Aim of the task - Nothing but the pictures should be dropped; repeat the rest of the data below exactly.

Information shown -
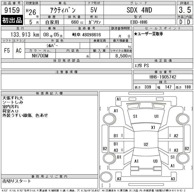 HONDA ACTY VAN 2014 г., лот № 9159
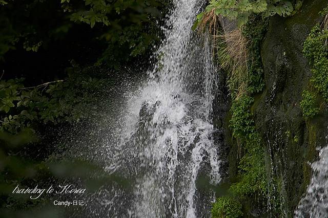 这儿就是静态的池子,当天有微风,湖面上波光粼粼的还是很好看。这个地方是我要特别安利大家来的。虽然在国内甚至有比这个要漂亮很多的九寨沟,黄果树瀑布。但既然来了韩国,与其全部暴走,真的不如看看这类景点。
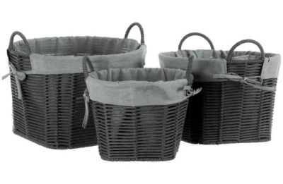 Stylish in design, practical in use, the Set of 3 round Lida storage baskets will provide ample space for keeping knick-knacks safely stored and your home organised. Size H25, W38, D35. Supplied assembled. Removable and washable liner. EAN: 5018705343044.

Task solution -
 HONDA ACTY VAN 2014 г., лот № 9159
 这儿就是静态的池子,当天有微风,湖面上波光粼粼的还是很好看。这个地方是我要特别安利大家来的。虽然在国内甚至有比这个要漂亮很多的九寨沟,黄果树瀑布。但既然来了韩国,与其全部暴走,真的不如看看这类景点。
 Stylish in design, practical in use, the Set of 3 round Lida storage baskets will provide ample space for keeping knick-knacks safely stored and your home organised. Size H25, W38, D35. Supplied assembled. Removable and washable liner. EAN: 5018705343044.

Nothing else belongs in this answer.